本文用的数据集是https://raw.githubusercontent.com/SophonPlus/ChineseNlpCorpus/master/datasets/ChnSentiCorp_htl_all/ChnSentiCorp_htl_all.csv,预训练语言模型是https://huggingface.co/bert-base-chinese

可参考我写的另一个项目PolarisRisingWar/pytorch_text_classification

代码:

import csv,random
from tqdm import tqdm
from copy import deepcopy

from sklearn.metrics import accuracy_score,precision_score,recall_score,f1_score

import torch
import torch.nn as nn
from torch.utils.data import Dataset,DataLoader

from transformers import AutoModel, AutoTokenizer

#超参设置
random_seed=20221125
split_ratio='6-2-2'
pretrained_path='/data/pretrained_model/bert-base-chinese'
dropout_rate=0.1
max_epoch_num=16
cuda_device='cuda:2'
output_dim=2

#数据预处理
with open('other_data_temp/ChnSentiCorp_htl_all.csv') as f:
    reader=csv.reader(f)
    header = next(reader)  #表头
    data = [[int(row[0]),row[1]] for row in reader]  #每个元素是一个由字符串组成的列表,第一个元素是标签(01),第二个元素是评论文本。

random.seed(random_seed)
random.shuffle(data)
split_ratio_list=[int(i) for i in split_ratio.split('-')]
split_point1=int(len(data)*split_ratio_list[0]/sum(split_ratio_list))
split_point2=int(len(data)*(split_ratio_list[0]+split_ratio_list[1])/sum(split_ratio_list))
train_data=data[:split_point1]
valid_data=data[split_point1:split_point2]
test_data=data[split_point2:]

#建立数据集迭代器
class TextInitializeDataset(Dataset):
    def __init__(self,input_data) -> None:
        self.text=[x[1] for x in input_data]
        self.label=[x[0] for x in input_data]
    
    def __getitem__(self, index):
        return [self.text[index],self.label[index]]
    
    def __len__(self):
        return len(self.text)

tokenizer=AutoTokenizer.from_pretrained(pretrained_path)

def collate_fn(batch):
    pt_batch=tokenizer([x[0] for x in batch],padding=True,truncation=True,max_length=512,return_tensors='pt')
    return {'input_ids':pt_batch['input_ids'],'token_type_ids':pt_batch['token_type_ids'],'attention_mask':pt_batch['attention_mask'],
            'label':torch.tensor([x[1] for x in batch])}

train_dataloader=DataLoader(TextInitializeDataset(train_data),batch_size=16,shuffle=True,collate_fn=collate_fn)
valid_dataloader=DataLoader(TextInitializeDataset(valid_data),batch_size=128,shuffle=False,collate_fn=collate_fn)
test_dataloader=DataLoader(TextInitializeDataset(test_data),batch_size=128,shuffle=False,collate_fn=collate_fn)

#建模
class ClsModel(nn.Module):
    def __init__(self,output_dim,dropout_rate):
        super(ClsModel,self).__init__()

        self.encoder=AutoModel.from_pretrained(pretrained_path)

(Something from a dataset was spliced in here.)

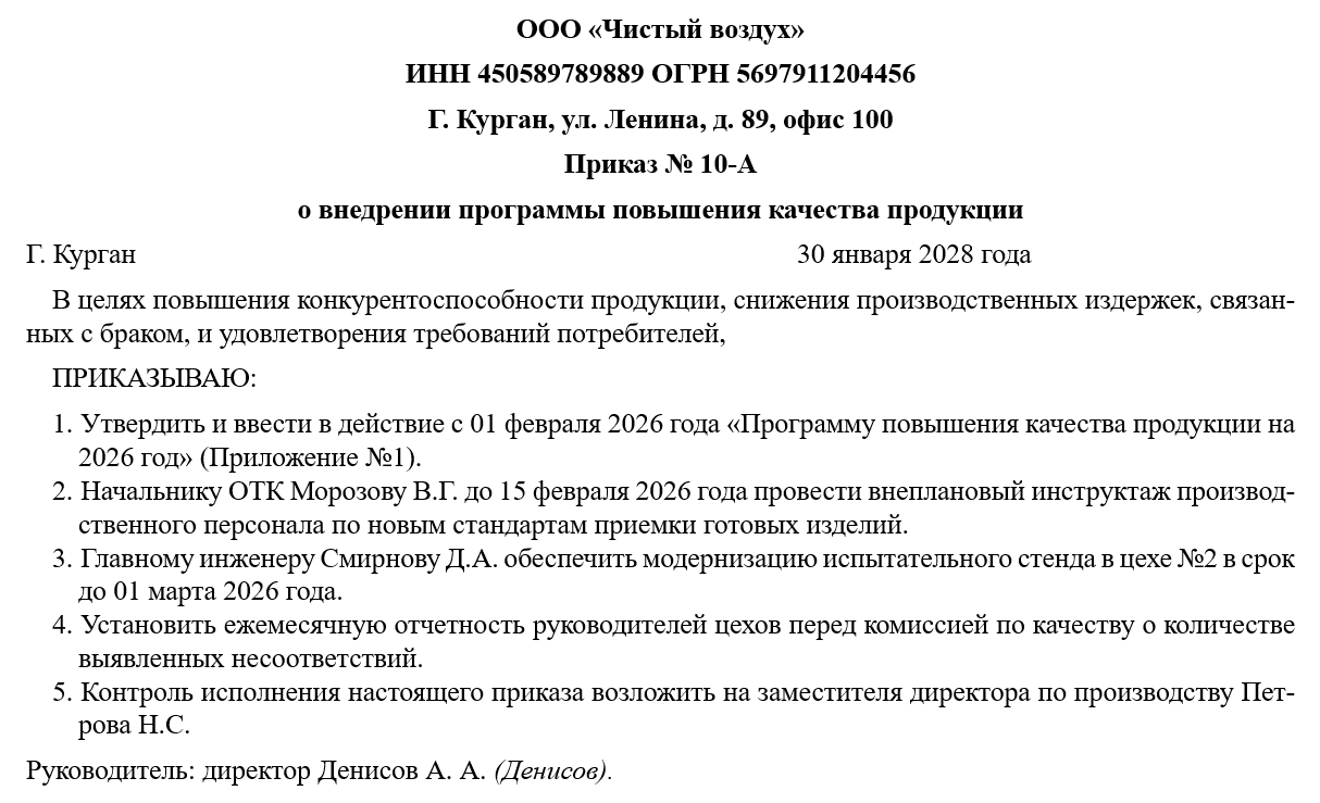 Данный приказ формализует переход организации к системному управлению качеством, переводя этот процесс из разряда эпизодических проверок в формат непрерывного совершенствования всех производственных и управленческих циклов. Документ закрепляет правовую и организационную основу для внедрения новых стандартов, модернизации технологических линий и трансформации корпоративного мышления сотрудников в сторону персональной ответственности за конечный результат.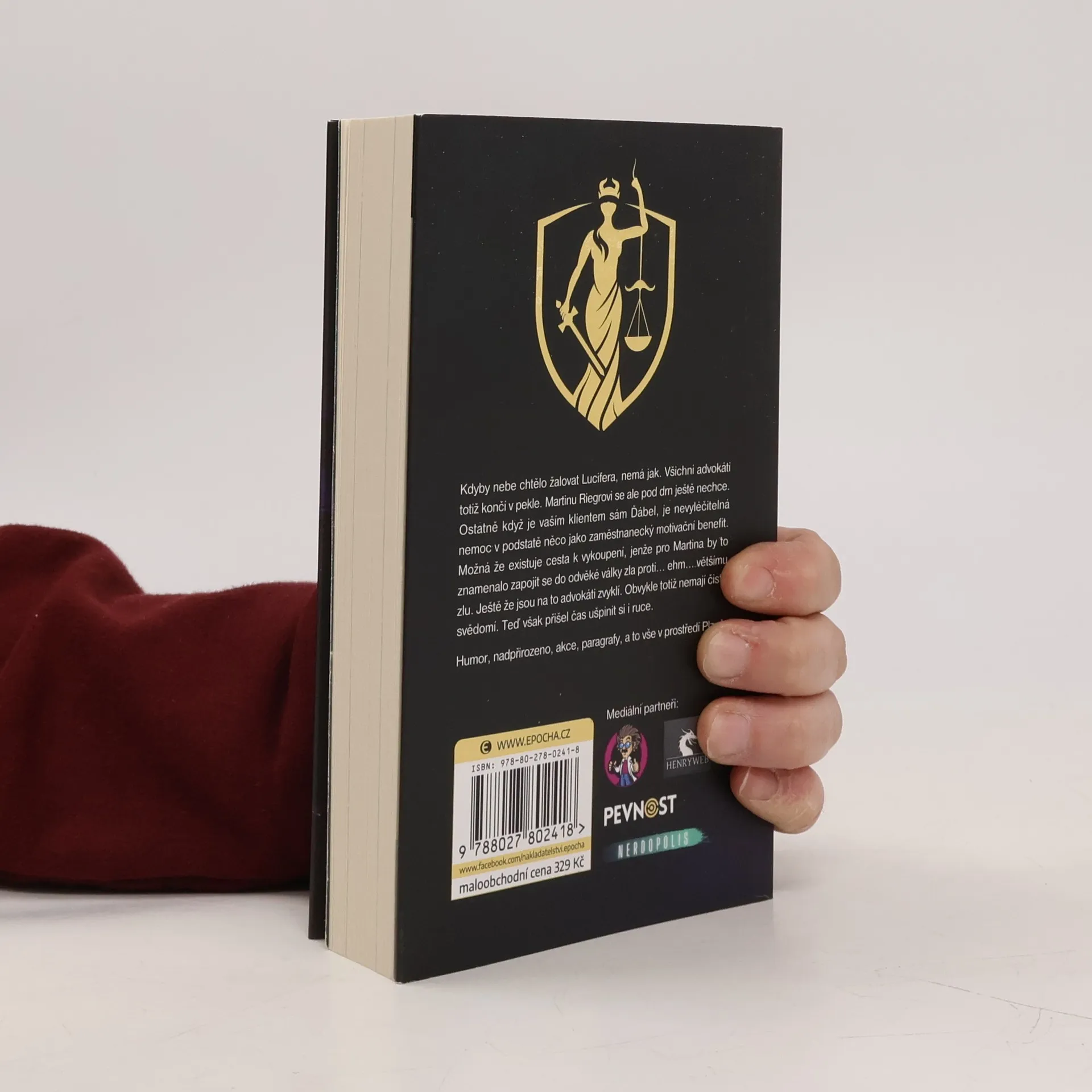 Kdyby nebe chtělo žalovat Lucifera, nemá jak. Všichni advokáti totiž končí v pekle. Martinu Riegrovi se ale pod drn ještě nechce. Ostatně když je vaším klientem sám Ďábel, je nevyléčitelná nemoc v podstatě něco jako zaměstnanecký motivační benefit. Možná že existuje cesta k vykoupení, jenže pro Martina by to znamenalo zapojit se do odvěké války zla proti… ehm… většímu zlu. Ještě že jsou na to advokáti zvyklí. Obvykle totiž nemají čisté svědomí. Teď však přišel čas ušpinit si i ruce.Humor, nadpřirozeno, akce, paragrafy, a to vše v prostředí Plzně.

        self.dropout=nn.Dropout(dropout_rate)
        self.classifier=nn.Linear(768,output_dim)
    
    def forward(self,input_ids,token_type_ids,attention_mask):
        x=self.encoder(input_ids=input_ids,token_type_ids=token_type_ids,attention_mask=attention_mask)['pooler_output']
        x=self.dropout(x)
        x=self.classifier(x)

        return x


loss_func=nn.CrossEntropyLoss()

model=ClsModel(output_dim,dropout_rate)
model.to(cuda_device)

optimizer=torch.optim.Adam(params=model.parameters(),lr=1e-5)

max_valid_f1=0
best_model={}

for e in tqdm(range(max_epoch_num)):
    for batch in train_dataloader:
        model.train()
        optimizer.zero_grad()
        input_ids=batch['input_ids'].to(cuda_device)
        token_type_ids=batch['token_type_ids'].to(cuda_device)
        attention_mask=batch['attention_mask'].to(cuda_device)
        outputs=model(input_ids,token_type_ids,attention_mask)
        train_loss=loss_func(outputs,batch['label'].to(cuda_device))
        train_loss.backward()
        optimizer.step()
    
    #验证
    with torch.no_grad():
        model.eval()
        labels=[]
        predicts=[]
        for batch in valid_dataloader:
            input_ids=batch['input_ids'].to(cuda_device)
            token_type_ids=batch['token_type_ids'].to(cuda_device)
            attention_mask=batch['attention_mask'].to(cuda_device)
            outputs=model(input_ids,token_type_ids,attention_mask)
            labels.extend([i.item() for i in batch['label']])
            predicts.extend([i.item() for i in torch.argmax(outputs,1)])
        f1=f1_score(labels,predicts,average='macro')
        if f1>max_valid_f1:
            best_model=deepcopy(model.state_dict())
            max_valid_f1=f1

#测试
model.load_state_dict(best_model)
with torch.no_grad():
    model.eval()
    labels=[]
    predicts=[]
    for batch in test_dataloader:
        input_ids=batch['input_ids'].to(cuda_device)
        token_type_ids=batch['token_type_ids'].to(cuda_device)
        attention_mask=batch['attention_mask'].to(cuda_device)
        outputs=model(input_ids,token_type_ids,attention_mask)
        labels.extend([i.item() for i in batch['label']])
        predicts.extend([i.item() for i in torch.argmax(outputs,1)])
    print(accuracy_score(labels,predicts))
    print(precision_score(labels,predicts,average='macro'))
    print(recall_score(labels,predicts,average='macro'))
    print(f1_score(labels,predicts,average='macro'))

用时约1h35min

实验结果:

accuracymacro-Pmacro-Rmacro-F
91.8991.3990.3390.82

2. 多任务文本分类(单数据集)

本文使用的数据集TEL-NLP来自:https://github.com/scsmuhio/MTGCN
我用的数据集文件是:https://raw.githubusercontent.com/scsmuhio/MTGCN/main/Data/ei_task.csv
出处论文MT-Text GCN:Multi-Task Text Classification using Graph Convolutional Networks for Large-Scale Low Resource Language
我用的泰卢固语Bert模型权重是:https://huggingface.co/kuppuluri/telugu_bertu(不是数据集原论文用的表征工具)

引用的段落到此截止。